Na Estadio do Dragao pojawiłem się przeto z obawą, że historia się powtórzy. Na szczęście się nie powtórzyła i wielka w tym zasługa drużyny gości, która stawiła faworyzowanemu FC Porto zaciekły opór, a gdyby wykazała się większym boiskowym cwaniactwem, mogłaby wywieźć z gorącego terenu komplet punktów.
Po pierwszym gwizdku sędziego przez dobrych 10 minut FC Porto nie mogło wydostać się ze swojej połowy, a piłka jak bumerang wracała do obrońców lub bramkarza gospodarzy.
Braga zastosowała wysoki pressing, ale w sposób tak dyskretny, iż powstało wrażenie kompletnego rozstroju linii pomocy przeciwnika.
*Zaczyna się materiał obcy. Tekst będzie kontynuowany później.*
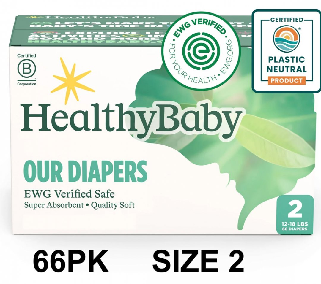 66PK HealthyBaby Safe Organic Cotton Enhanced Diapers - Size 2

Szczególnie zagubiony był Algierczyk Brahimi, którego każde dojście do piłki kończyło się podaniem do tyłu.
Z kolei Hiszpan Torres (ale nie Fernando) postanowił przeczekać trudny okres za plecami przeciwników, był kompletnie niewidoczny i to nie tylko z powodu dość mikrej postury. Stan rzeczy wydawał się bardzo frustrować trenera FC Porto, który szalał przy linii bocznej, non stop pokrzykując i gestykulując w stronę swoich zawodników, na których zachowanie szkoleniowca robiło co najwyżej średnie wrażenie.
W końcu nadeszła 23. minuta, strzał na 1:0 wprawił w zachwyt 37-mio tysięczną publiczność (minus grupka przybyszy z Bragi, tzw. „Red Boys”) i wiele wskazywało na to, że worek z bramkami pęknie.
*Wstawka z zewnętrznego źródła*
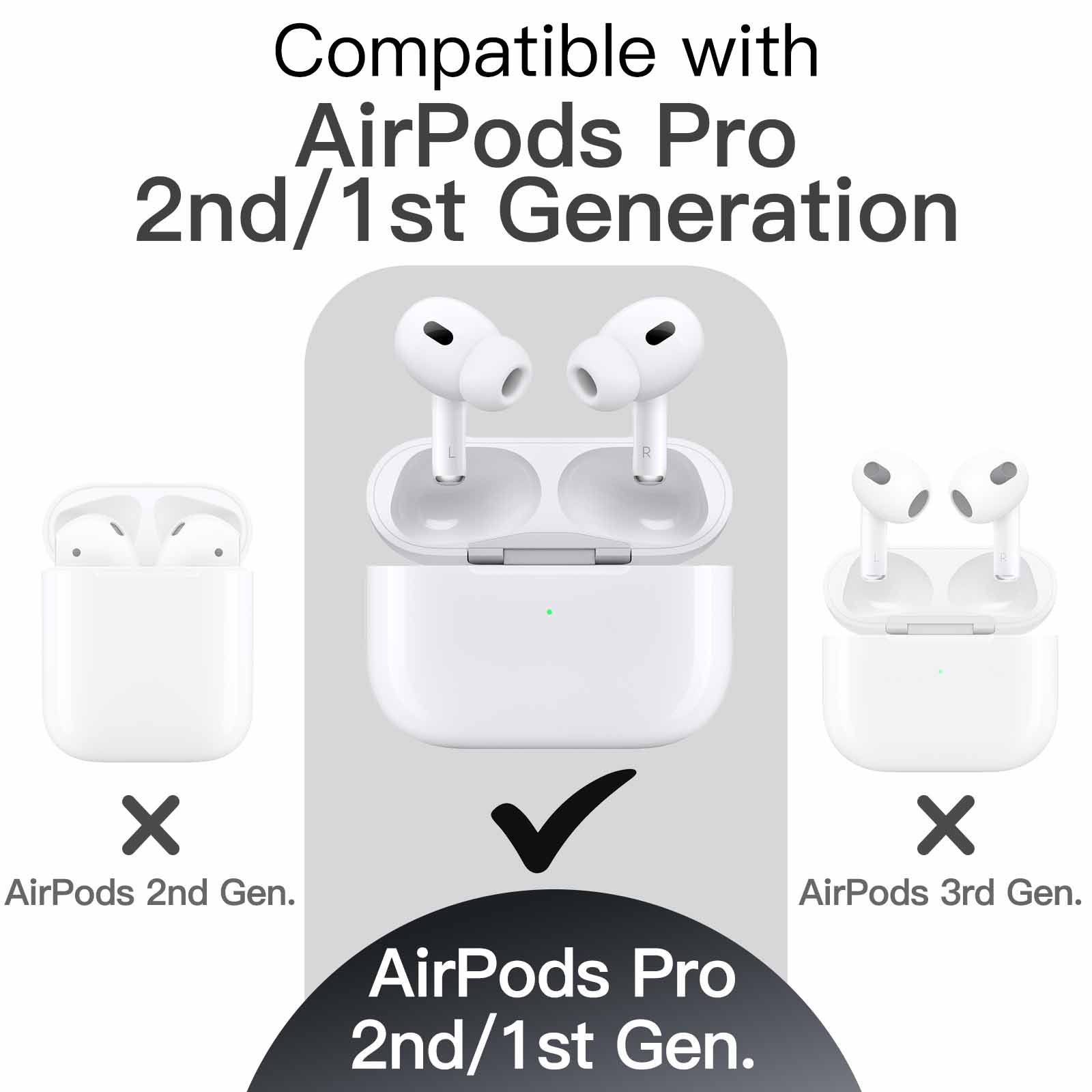 • [Compatibility] Compatible with AirPods Pro 2nd/1st generation 2023/2022/2019 released. Do not fit any other models. Please note that the earbuds and charging case are not included

Po paru minutach goście wyrównali, jak najbardziej zasłużenie i mecz rozpoczął się jakby od nowa. Do końca pierwszej połowy emocje na trybunach wzbudziła już tylko wywrotka lekarza klubowego FC Porto, który spiesząc jednemu z zawodników z pomocą, pośliznął się na murawie, dokładnie się z nią zapoznając. Kulejąc zszedł z placu boju przy akompaniamencie braw publiczności, która w ten sposób doceniła jego poświęcenie.
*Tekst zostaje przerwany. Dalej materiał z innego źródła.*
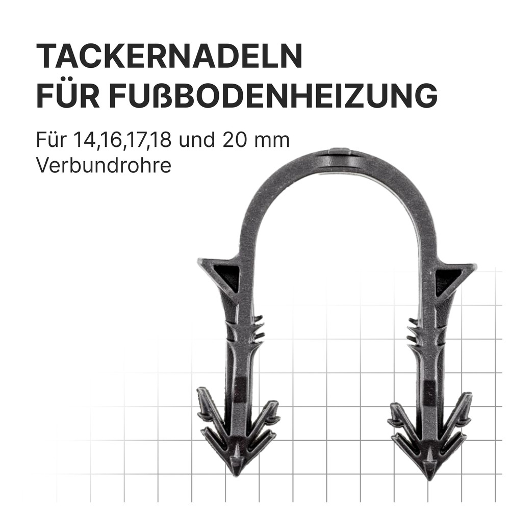 - Premium verklebte Tackernadeln EU-NORM (DIN 1264-4) für 14, 16, 17, 18 und 20 mm Rohre / Verbundrohre zur Montage von Fußbodenheizungssystemen.
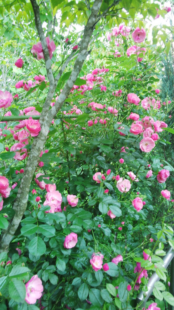 アプローチ中ほど ヤマボウシに支えて アンジェラが
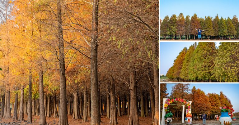 每棵落雨松由綠轉紅的過程進度不同,讓葉子呈現出一層層的漸層色澤,四處走走會發現落雨松的各種樣貌

Po przerwie na boisku pojawił się oznaczony numerem 10 Kolumbijczyk Quintero, który znacznie ożywił poczynania ofensywne drużyny gospodarzy, a strzelając zwycięską bramkę stał się jej bohaterem. Braga była bliska wyrównania, ale po strzale z wolnego piłka trafiła w słupek, a dobitkę sparował bramkarz.
Akcentów polskich w Porto póki co nie ma, a recepcjonistka hotelu, która pomogła mi w zakupie biletu, zamiast o Młynarczyka czy Mielcarskiego zagadnęła o Juskowiaka, który dzięki swoim występom w Sportingu Lizbona, a więc firmie konkurencyjnej wobec FC Porto, najwyraźniej zapadł dziewczynie w pamięć lepiej niż dwójka wcześniej wymienionych. Dobre i to.